Calculate the mean of every 13 rows in data frame
If df
is a data.table, you can use %/%
to group as in
library(data.table)
setDT(df)
n <- 13 # every 13 rows
df[, mean(z), by= (seq(nrow(df)) - 1) %/% n]
if instead you want every nTH row, use %%
instead of %/%
df[, mean(z), by= (seq(nrow(df)) - 1) %% n]
This should work. Use n = 13 for clumping 13 rows together. If you have 27 rows, you'll get groups of size 13, 13, 1.
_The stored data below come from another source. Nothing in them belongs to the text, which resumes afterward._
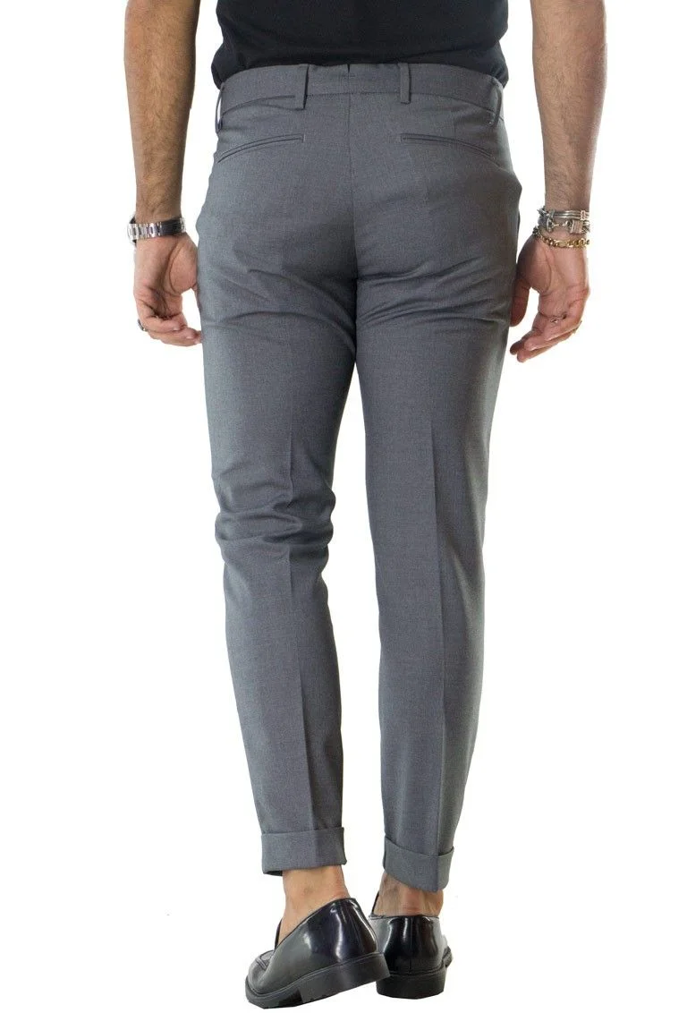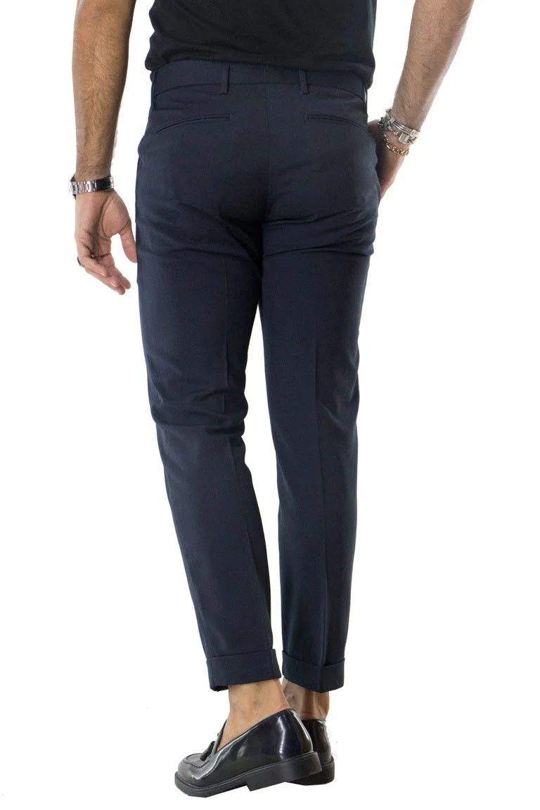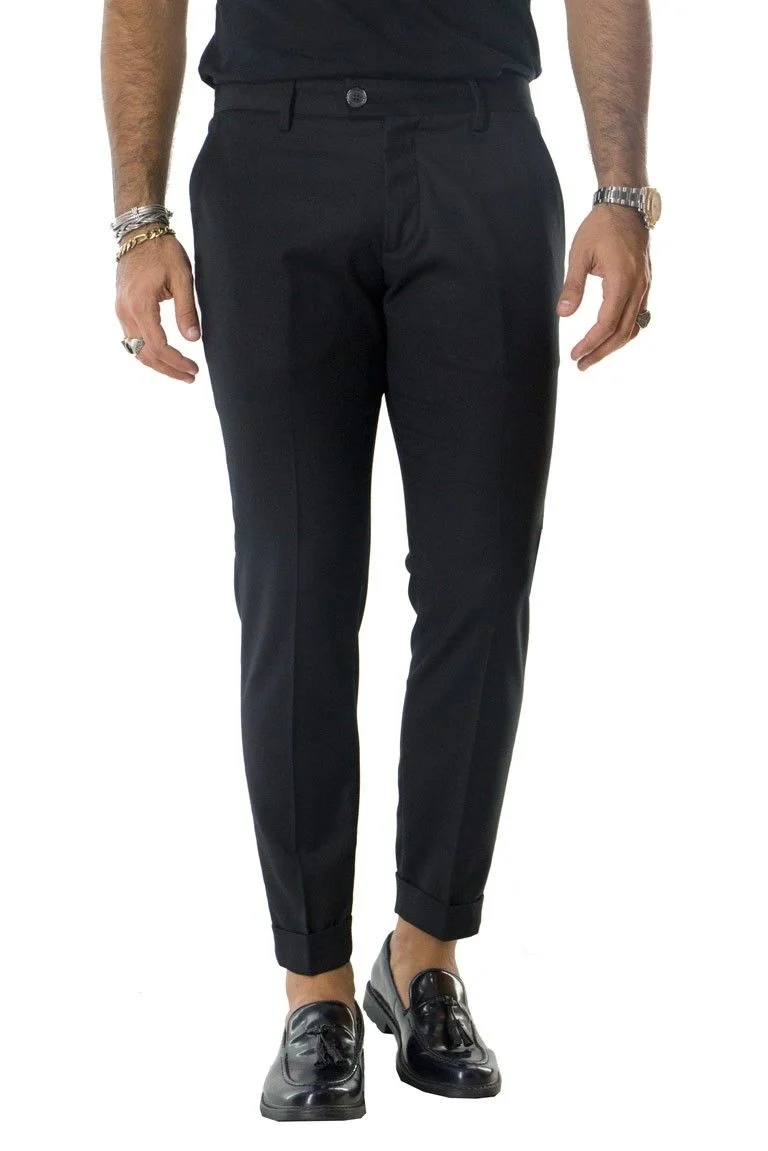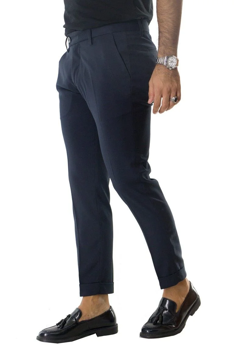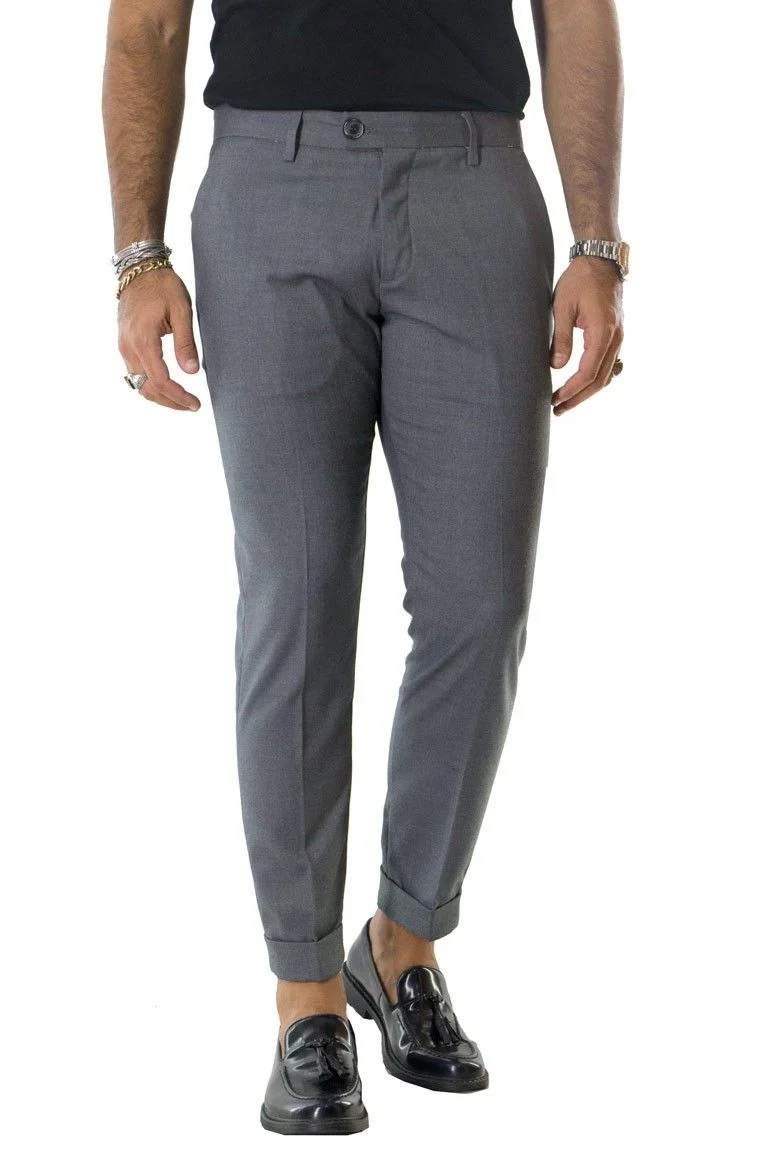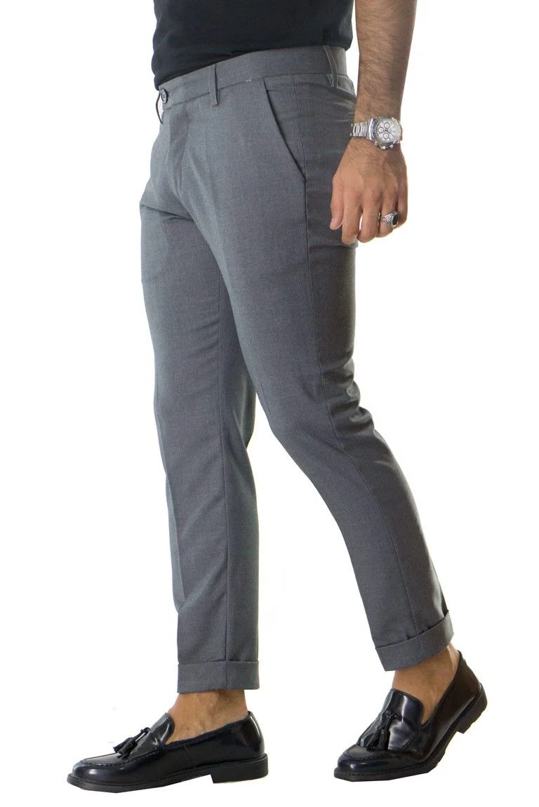 Pantalone uomo elegante slim fit tasca america invernale effetto lana elasticizzato con risvolto 4 cm fodera fantasia.
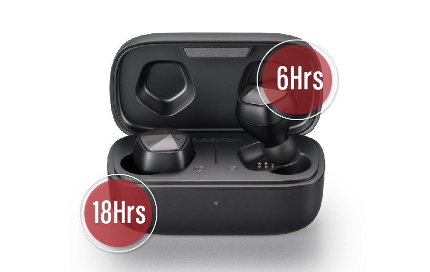耳機本體配備6小時單次續航,配合充電盒18小時續航,令AK UW100支援24小時總續航效能,足以支援全日使用亦無需擔心電量。耳機同時支援無線充電及快充功能,充電10分鐘即可使用長達1小時,方便快捷。
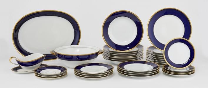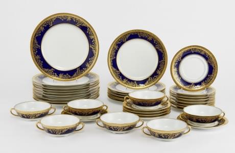 397. Service à dîner à marli bleu nuit décoré de rocaille dorée
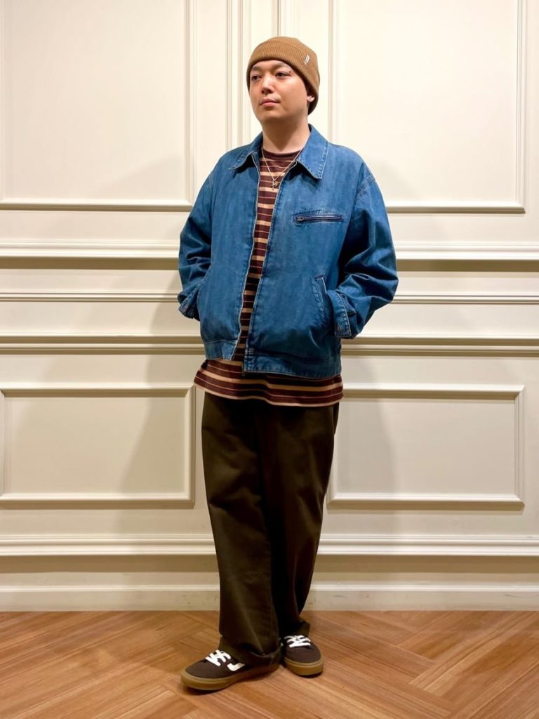 デニムジャケットとワイドパンツのアメカジスタイルに、キャメル色のニット帽を合わせた、都会的なワークカジュアルです。スタイリングの決め手は、全身に濃淡の異なるブラウン系を散りばめること。この色使いが、あたたかみがありつつ洗練されたムードを高めています。
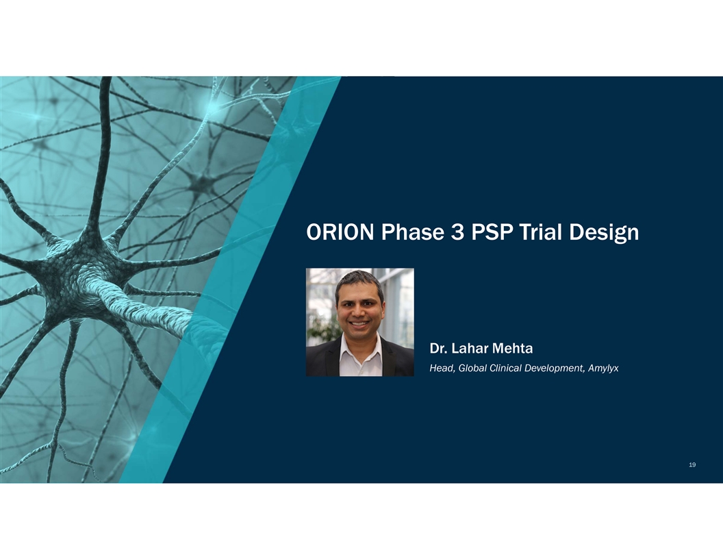 ORION Phase 3 PSP Trial Design Dr. Lahar Mehta Head, Global Clinical Development, Amylyx 19
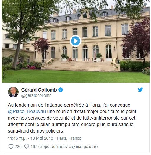 «Μετά από την επίθεση στο Παρίσι, συγκάλεσα υπηρεσιακό συμβούλιο, εξετάζοντας την κατάσταση με τις υπηρεσίες ασφάλειας και καταπολέμησης της τρομοκρατίας» έγραψε χαρακτηριστικά ο γάλλος υπουργός στο Twitter.
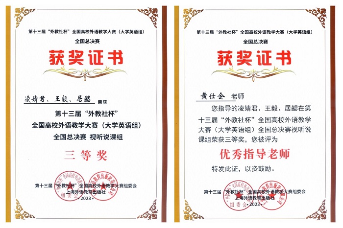 近日,第13届“外教社杯”全国高校外语教学大赛全国决赛、总决赛在上海外国语大学闭幕。本次赛事汇聚60位全国省赛选拔出的特等奖选手,经过激烈的角逐,外国语学院教师凌婧君、王毅、居勰竞赛团队代表江苏省参加全国总决赛,荣获大学英语(视听说组)全国三等奖,黄仕会老师荣获优秀指导老师奖。

n.colmeans = function(df, n = 10){
aggregate(x = df,
by = list(gl(ceiling(nrow(df)/n), n)[1:nrow(df)]),
FUN = mean)
}
n.colmeans(state.x77, 10)
Group.1 Population Income Illiteracy Life Exp Murder HS Grad Frost Area
1 1 4892.8 4690.8 1.44 70.508 9.53 53.63 75.1 116163.6
2 2 3570.5 4419.4 1.12 71.110 7.07 53.35 99.8 44406.6
3 3 3697.9 4505.5 0.93 70.855 6.64 55.25 131.7 60873.0
4 4 5663.9 4331.2 1.33 70.752 7.12 49.59 103.6 56949.5
5 5 3407.0 4232.1 1.03 71.168 6.53 53.72 112.1 75286.7
Here's a solution using aggregate()
and rep()
.
df <- data.frame(a=1:12, b=13:24 );
df;
## a b
## 1 1 13
## 2 2 14
## 3 3 15
## 4 4 16
## 5 5 17
## 6 6 18
## 7 7 19
## 8 8 20
## 9 9 21
## 10 10 22
## 11 11 23
## 12 12 24
n <- 5;
aggregate(df, list(rep(1:(nrow(df) %/% n + 1), each = n, len = nrow(df))), mean)[-1];
## a b
## 1 3.0 15.0
## 2 8.0 20.0
## 3 11.5 23.5
The important part of this solution that handles the issue of non-divisibility of nrow(df)
by n
is specifying the len
parameter (actually the full parameter name is length.out
) of rep()
, which automatically caps the group vector to the appropriate length.